Please copy out the entries below exactly, beginning with the line that contains "март оралиғида бўлади." and ending with the line that contains "割膜拔盖机,主要是为了适应广", and include nothing outside that span.

___ DATASET EXTRACT

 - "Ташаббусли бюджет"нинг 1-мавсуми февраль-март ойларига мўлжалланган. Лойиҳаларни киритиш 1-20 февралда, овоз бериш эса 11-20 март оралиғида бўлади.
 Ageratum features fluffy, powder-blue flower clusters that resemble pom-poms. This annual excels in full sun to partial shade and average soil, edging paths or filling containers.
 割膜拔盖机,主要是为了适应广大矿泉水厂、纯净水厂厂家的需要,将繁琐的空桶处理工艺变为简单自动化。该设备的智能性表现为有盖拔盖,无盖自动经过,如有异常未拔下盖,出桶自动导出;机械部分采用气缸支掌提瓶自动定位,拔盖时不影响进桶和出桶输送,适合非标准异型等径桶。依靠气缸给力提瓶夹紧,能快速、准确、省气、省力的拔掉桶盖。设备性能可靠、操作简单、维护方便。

______
___ DATASET EXTRACT

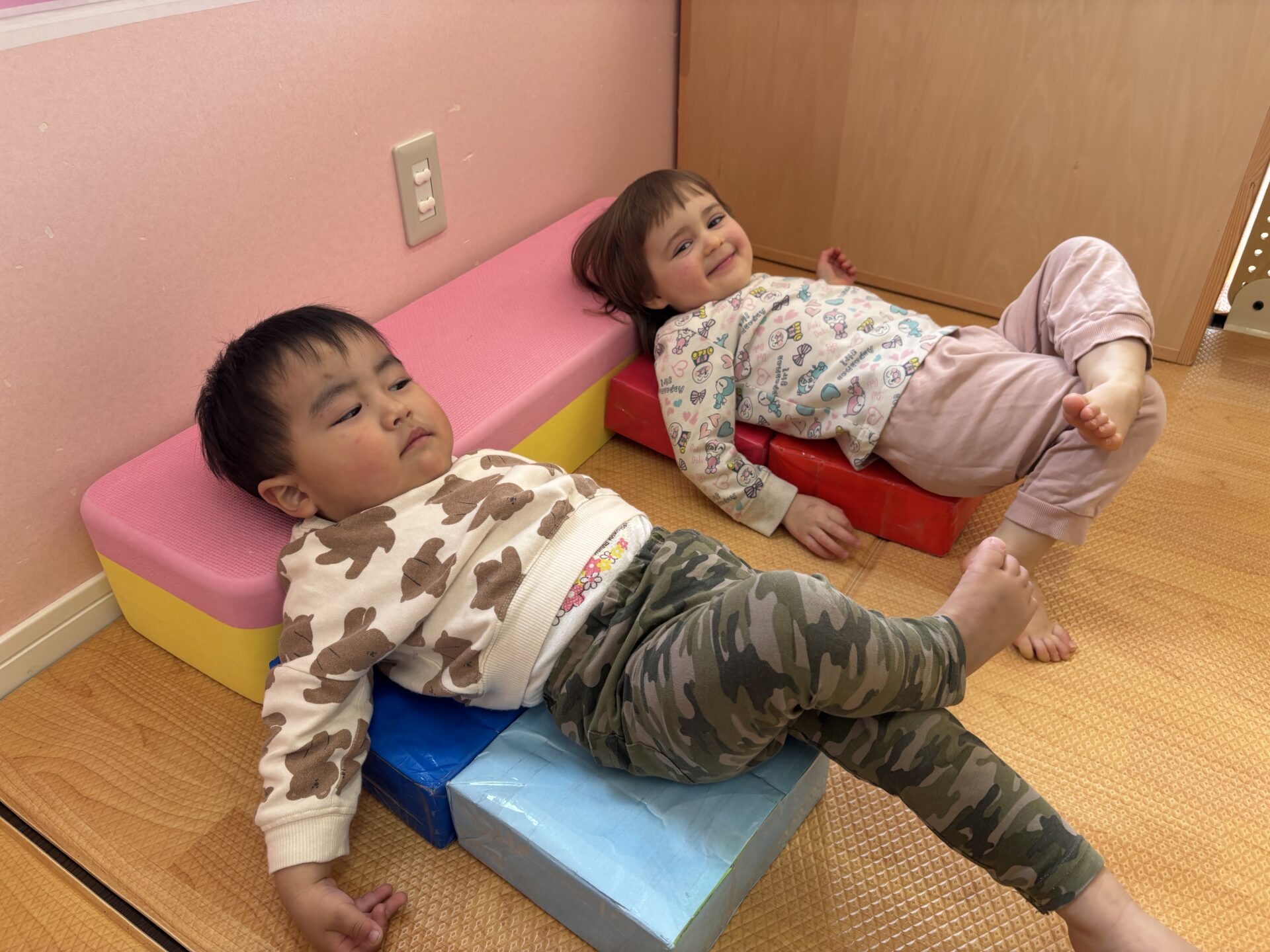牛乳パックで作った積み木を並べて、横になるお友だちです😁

______

◆ RESPONSE FOR THIS EXERCISE:
 - "Ташаббусли бюджет"нинг 1-мавсуми февраль-март ойларига мўлжалланган. Лойиҳаларни киритиш 1-20 февралда, овоз бериш эса 11-20 март оралиғида бўлади.
 Ageratum features fluffy, powder-blue flower clusters that resemble pom-poms. This annual excels in full sun to partial shade and average soil, edging paths or filling containers.
 割膜拔盖机,主要是为了适应广大矿泉水厂、纯净水厂厂家的需要,将繁琐的空桶处理工艺变为简单自动化。该设备的智能性表现为有盖拔盖,无盖自动经过,如有异常未拔下盖,出桶自动导出;机械部分采用气缸支掌提瓶自动定位,拔盖时不影响进桶和出桶输送,适合非标准异型等径桶。依靠气缸给力提瓶夹紧,能快速、准确、省气、省力的拔掉桶盖。设备性能可靠、操作简单、维护方便。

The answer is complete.